About this exercise: Repeat exactly the lines that run from the start of the records below to the line with "Nearly Natural 38in", including both of those lines but not the pictures.
Segment Start: Task material
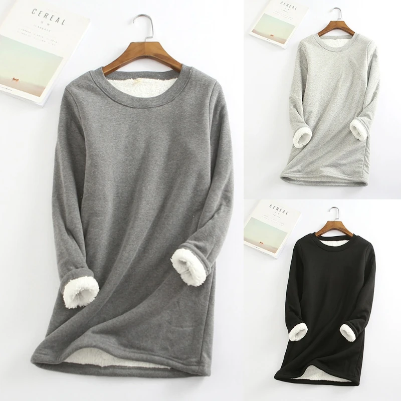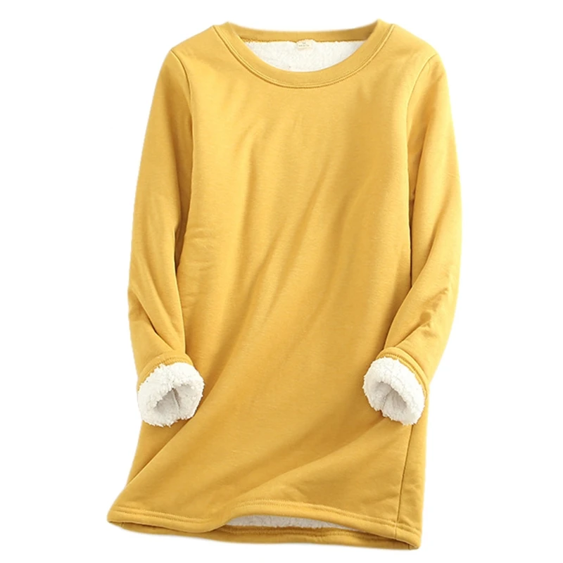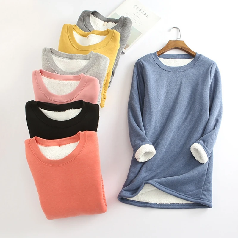 Свитшот женский зимний из искусственного флиса, с длинным рукавом и круглым вырезом
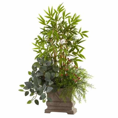 Nearly Natural 38in Mixed Mini Bamboo, Fittonia & Springeri w/Planter
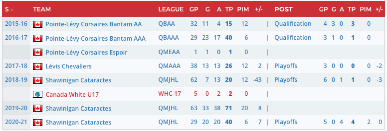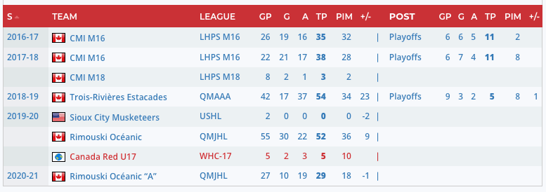 “Bourgault is a skilled and intelligent attacker who showcased superb creativity and thrilling offensive tools tonight. The 6-foot winger is an incredible puckhandler who deeply enjoys expressing his imagination with brilliant dekes and flashy moves. Thanks to his swift, flamboyant mitts, Bourgault flashed the ability to beat any defender in 1v1’s, or even split the defense right through the middle lane. His electrifying puck control allowed him to play through traffic and escape traps with ease. Adding his tremendous footwork and lateral agility to the mix, the 2021 draft eligible becomes a highly dangerous threat in tight spaces. He showcased skilled puck protection, keeping the disc out of reach with his slick hands and using his body as a shield along the boards. His high-end puck skills can also be seen through his smooth pass reception abilities, which allow for clean, efficient transition. Bourgault is a splendid skater who has developed a liking towards using crossovers to build up speed on the outbreak, and attack defenses with different angles and deceptive cuts. His quick, electric feet are evident on these accelerations, but he could add even more power on his inside foot pushes to generate additional speed. The right-handed forward displayed delightful confidence bringing the puck up the ice, as he kept his head up and jump in open lanes eagerly. Despite the ability to create for himself, Bourgault is an extremely generous passer, willing and looking to get his teammates involved in the play at all time.” – Andy Lehoux
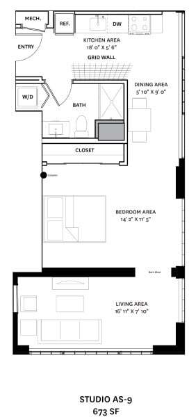 Modelo de apartamento: AS-5Llame para PreciosEstudio, 1 Baño, 422 sq ftNo Disponible![]()
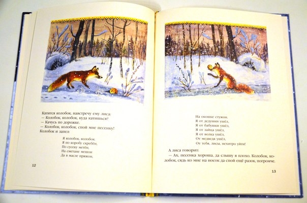 У меня колобок всегда на фоне тропинки и травки представляется))) А тут зима - странно..А книжка чудесная!
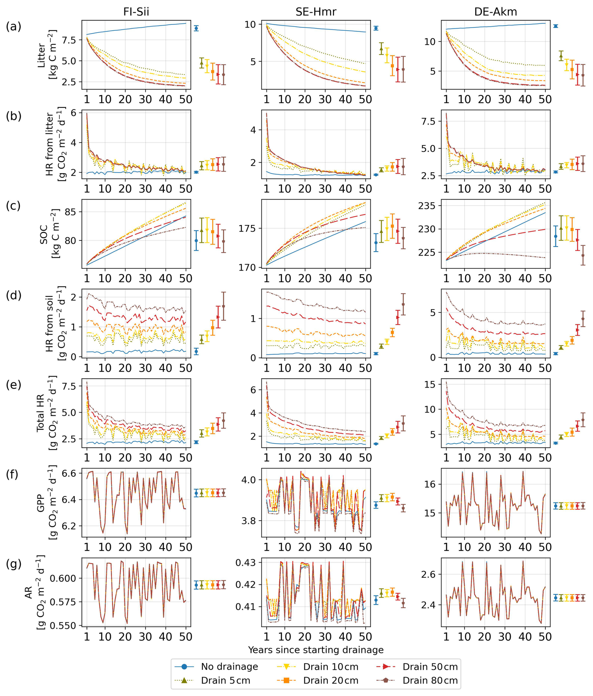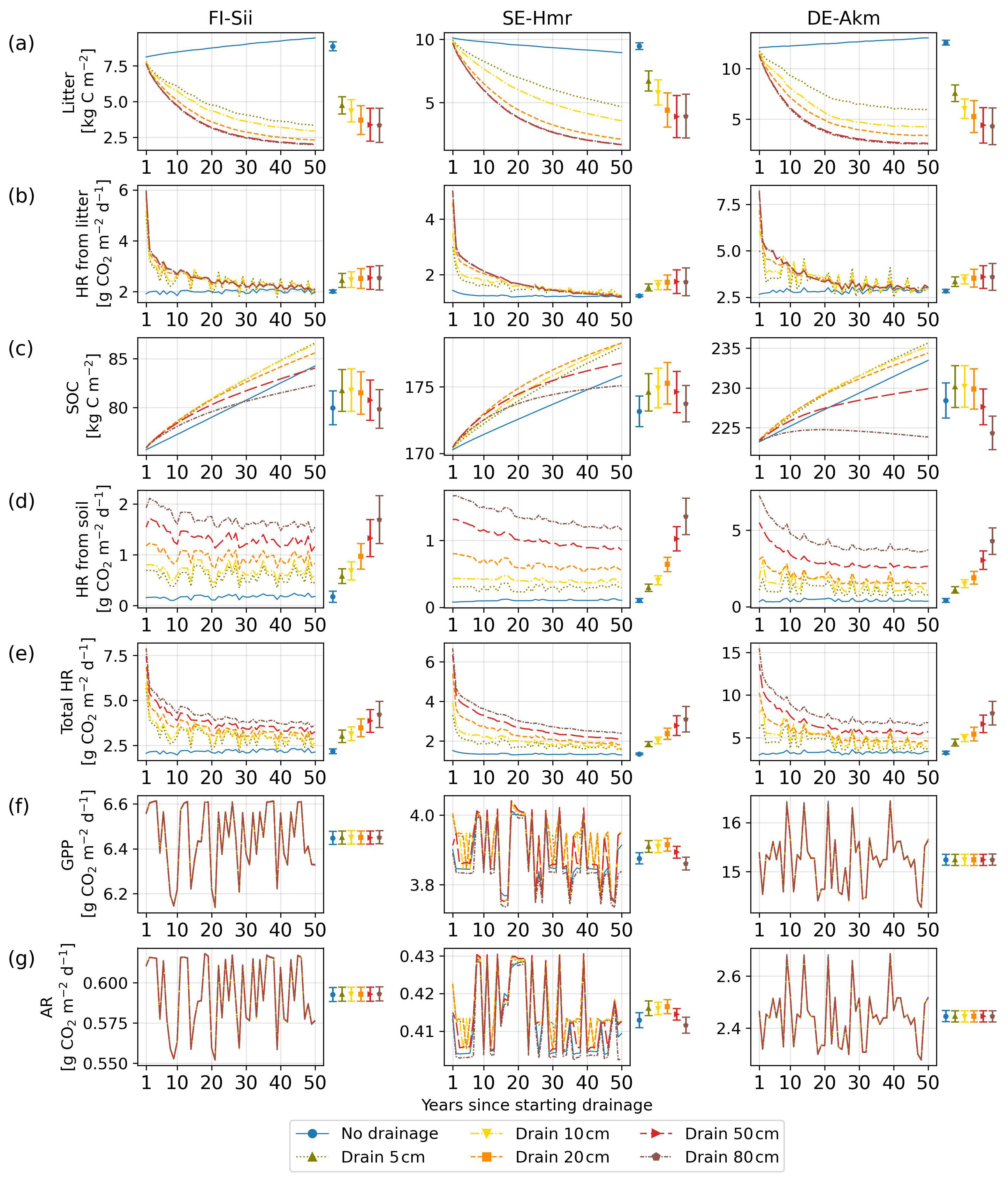 Figure C2Simulated changes in litter carbon and soil organic carbon (SOC) pools and associated heterotrophic respiration over the 50 year simulation period following the onset of drainage. Shown are (a) litter carbon, (b) heterotrophic respiration (HR) from litter, (c) soil organic carbon, (d) heterotrophic respiration from soil, (e) total heterotrophic respiration (sum of litter and soil components), (f) gross primary production (GPP), and (g) autotrophic respiration (AR) at three sites. Different colors and line styles indicate different water table depths below the original water level at each site. The coloured bars on the right of each panel summarize parameter uncertainty, quantified as ±1 standard deviation of the simulated time-mean fluxes computed over the full 50 year simulation from 10 Monte Carlo runs. The colored dots indicate the corresponding time-mean flux simulated using the calibrated parameter set. Note that when a flux (e.g. HR) is close to zero, the corresponding parameter-induced uncertainty also approaches zero.
Segment End: Task material
Solution below:
 Свитшот женский зимний из искусственного флиса, с длинным рукавом и круглым вырезом
 Nearly Natural 38in Mixed Mini Bamboo, Fittonia & Springeri w/Planter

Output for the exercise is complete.